Crypto sharply rebounds
What's being bought and sold
TOP TRENDING ASSETS
Trading activity in the past 24 hours on the Uphold platform as of 8 a.m. EST 14th October 2022
All investments and trading are risky and may result in the loss of capital. Cryptoassets are largely unregulated and are therefore not subject to protection.
What’s up
A Wild Day For Risk Assets
Goodness, gracious, great balls of green! Most everything on the board is in positive territory with XRP (+8%) leading the way among Big Ten coins.
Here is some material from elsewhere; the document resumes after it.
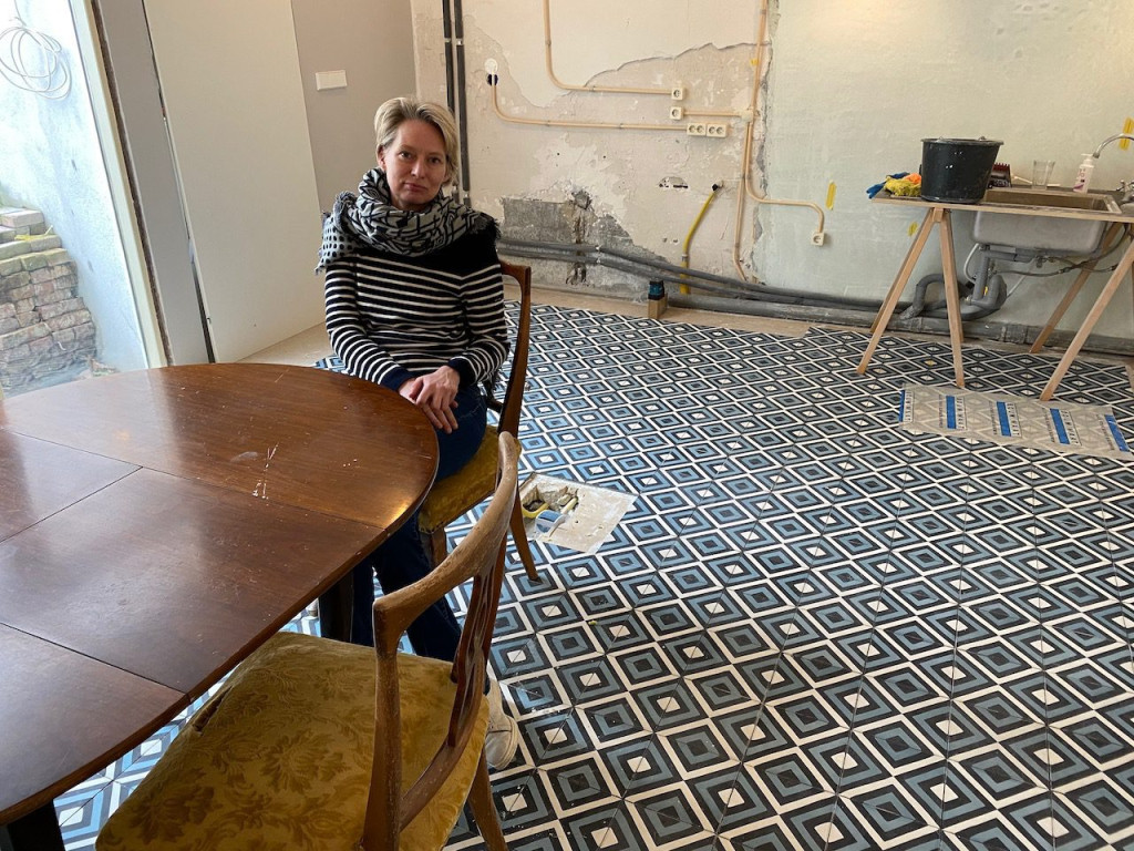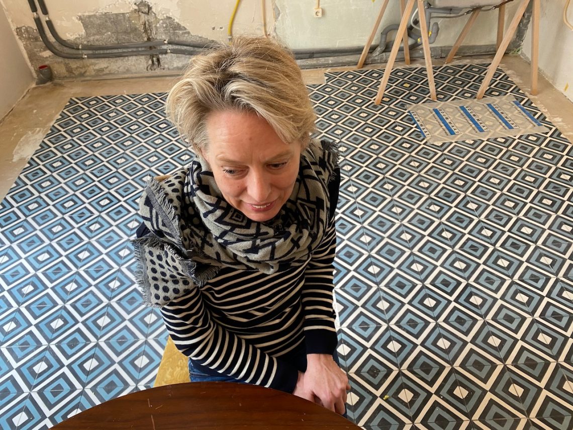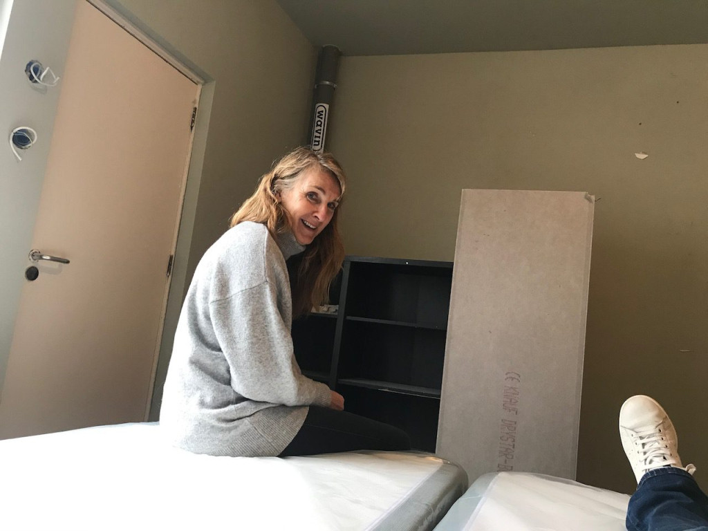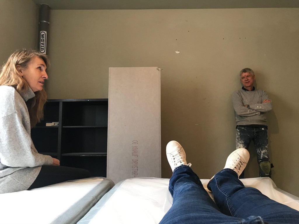 Daar ging de deurbel! Hoera het was Monique. Ze kwam alles bekijken en bijkletsen. De vloer in de keuken vond ze druk. Maar op de slaapverdieping ervaarde ook zij de serene rust..

The sixth-largest digital asset in terms of market capitalization, XRP has even managed to go +1.6% over the week-long period.
Also rallying, as of 8:55 a.m. (EST), are Bitcoin and Ethereum, although they each still remained slightly in the red over the past seven days, a more or less putrid stretch punctuated by macroeconomic angst that turned into a hellacious bear/bull tug-o'-war yesterday.
On Thursday, right after the opening bell, the Dow plummeted by 500 points, but then quickly reversed course, ticked into the green and eventually, by afternoon's end, closed 800 points higher. Bitcoin struggled to hang on to $18,000 in the first part of Thursday but got near $19,900 as Friday dawned.
That's some leisure-suit-reminiscent swinging right there, part relief rally, part boomerang master class.
Halloween spirit is bubbling over but that spooky witches' cauldron is no party prop. A ghoul-lash of inflation and higher interest rates continues to keep markets spellbound.
"Maybe we get this last gasp higher in inflation," Liz Ann Sonders, Charles Schwab's CIO, told CNBC. "And from here, we start to decelerate."
Maybe so, but it can’t hurt to expect the unexpected, which goes for the plus side.
Over this prior weekend, XRP sneakily donned a sweet outfit and boogied uptown past the half-dollar mark, even lingering there, gassed, until Monday night. The rest of the week was spent quietly retreating back toward $0.45. Two days ago, Brad Garlinghouse, CEO of Ripple, the company with which XRP is closely associated, floated the possibility of an imminent conclusion to Ripple's court battle with the SEC.
"Federal judges work at their own pace,” Garlinghouse told panelists at DC Fintech Week. “Optimistically, we’re talking about three to four months," he added. "Pessimistically, it could be longer than that.”
XRP has rallied over the past month thanks to ever-rampant speculation about a successful resolution to this case, possibly even before year's end (Cointelegraph).
What's down
A Monthly Low For Largest Asset Doesn’t Last Long
Scuttlebutt on Wall Street (and in hedge fund enclaves like Stamford, Ct.) suggest a begrudging acceptance of crypto's ultimate viability, a kind of "okay, it's here to stay" acceptance level. This has been achieved in part by traders watching Bitcoin stick at $19,000 over these past few months, riding out CPI shockwaves in a manner decidedly not reminiscent of this past June when BTC hit a low of $17,800.
The $19K line held early yesterday – until it didn't. Key inflation data came in hot, S&P-tied short sellers snap-covered their positions in what manifest on the ticker as a violent convulsion. Keeping time with the beating like a peak-of-his-powers Ringo Starr, BTC's tune hit a sour note, plunging to an intraday low of $18,201.00, per Coin Metrics.
By noon on Thursday, BTC, as had much of crypto, rebounded with the stock market. Whether investors’ initial reaction to yesterday's unwelcome inflation news was entirely appropriate or completely overdone will have to play out alongside projections about the direction of the central bank's policy throttle.
What's next
Whoa, Ethereum Turns Deflationary
While BTC was moving in lockstep with U.S. stocks during yesterday's wildly volatile session, Ethereum was lurching about in a seemingly similar fashion, sinking below $1,200 before recovering to $1,300. Macro forces should hold sway in the short-term as monetary policy directional shifts get gamed out. However, more traders are paying attention to ETH's longer-term pivot to being a deflationary asset.
ETH supply since October 8th has declined by nearly 6,000 tokens worth $7.9 million. More ETH is being destroyed compared to the amount created; it's a dynamic that was predicted to come to pass since its switch from proof-of-work (PoW) to proof-of-stake (PoS) via the Merge one month ago (Cointelegraph).
Thank a new crypto, XEN Crypto. XEN started over the weekend with no supply. Users could essentially mint it for free, only needing to pay ETH gas fees. Such activity came to dominate Ethereum transactions, with XEN over seven days contributing to the burning of 4,490 ETH tokens.